Konflik antar etnis yang terjadi di
Kalimantan Barat merupakan konflik yang berbahaya karena mengatasnamakan
kelompok atas beberapa konflik kecil yang bermula dari sebagian kecil pihak
yang meluas dan terus berkembang memicu kemarahan kelompoknya sehingga dengan
mengatasnamakan solidaritas kelompok yang memiliki insting untuk saling
melindungi kelompoknya dan menyerang apabila kelompoknya diganggu. Munculnya konflik-konflik kecil dari berbagai
macam faktor yang melibatkan pihak dari kelompok yang berbeda, dapat menjadi trigger yang akan semakin meluaskan
konflik yang juga apabila tidak dilakukan tindakan preventif dari aparat
kepolisian, pemerintah, serta tokoh-tokoh masyarakat akan mengakibatkan konflik
panjang yang tak berkesudahan.
Adapun menurut salah satu pakar
konflik, Prof. Timo Kivimaki dari Nordic Institute of Asian Studies (NIAS)
menyatakan bahwa sejak memasuki masa pemerintahan yang demokratis, angka korban
kekerasan yang terjadi cenderung menurun.

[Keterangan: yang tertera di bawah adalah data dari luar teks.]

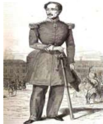
Nicolas CHANGARNIER (1893/1877)

Ditambahkan, menurut Prof. Stein Tonesson bahwa iklim demokrasi di
Indonesia sudah cukup baik, tapi juga terkadang diricuhkan oleh kelompok yang
tidak senang dengan iklim demokrasi tersebut.
Sehingga terkadang, sulit untuk membedakan antara perang kelompok atau
kejahatan. Salah satu cara
penanggulangannya, pihak kepolisian yang berperan sebagai penengah harus
mengetahui mengenai pengetahuan tentang manajemen dan resolusi konflik. Begitu pula yang disampaikan oleh Guru Besar
Sosial Politik Universitas Tanjungpura, Prof. Dr. Syarief Ibrahim Alqadri
kepada Koran Borneo Tribun 9 Juni 2010, yang mengatakan bahwa pihaknya telah
bekerjasama dengan Polda Kalbar dalam meningkatkan pengetahuan para perwira
atau pengambil kebijakan agar mengetahui tentang manajemen dan resolusi konflik
dalam menyelesaikan masalah, adapun tujuan yang ingin dicapai, yaitu melatih
para polisi agar dalam menangani kasus jangan sampai melanggar hak asasi
manusia (HAM) karena akan menambah kebencian dan ditinggalkan oleh
masyarakat. Sehingga diharapkan para
perwira yang memiliki tugas menangani konflik, dapat menangani permasalahan
tersebut secara profesional dengan belajar mengenai manajemen dan resolusi
konflik.
Menurut pendapat saya, konflik tidak
hanya terjadi karena adanya satu faktor, tetapi akumulasi dari berbagai faktor
yang memicu timbulnya konflik, mulai dari lemahnya kepercayaan masyarakat
terhadap aparat, adanya kebijakan-kebijakan yang mendorong rasa ketidakpuasan
masyarakat, kebijakan yang tidak berpihak kepada masyarakat, adanya oknum-oknum
tertentu yang memprovokasi, serta berbagai macam hal lainnya yang memicu
munculnya konflik.
Pada hakekatnya, memang diperlukan
suatu perencanaan yang sistematis dalam mengidentifikasi, menganalisis dan
menyimpulkan akan terjadinya peluang terjadinya konflik sehingga perluasan
konflik dapat sedini mungkin dideteksi dan dicarikan solusinya. Hal tersebut sesuai dengan teori manajemen
konflik, agar konflik sedini mungkin dapat diproses melalui planning, organizing, actuating dan controlling sebagai bentuk penanganan
konflik. Selain itu, konflik, walaupun
memiliki sisi positif yaitu sebagai bentuk kesadaran masyarakat akan semangat
memperbaiki tatanan sosial masyarakat dan struktur sosial, namun perlu
dikendalikan dan diantisipasi agar tidak sampai bersinggungan dengan suku,
agama dan ras karena konflik yang membahayakan akan berkembang menjadi
pertikaian dan kekerasan fisik sehingga harus dihindari. Adapun hal-hal yang harus dihindari dalam
konflik adalah menjadi penghambat terciptanya komunikasi antar etnik masyarakat
Kalimantan Barat sehingga dapat memicu terganggunya integrasi bangsa, juga
munculnya ketegangan-ketegangan yang dapat berakhir kepada kekerasan sehingga
mengalihkan perhatian dan menguras energi dan tenaga masyarakat dalam
mengkhawatirkan akan dampak yang akan ditimbulkan oleh konflik tersebut.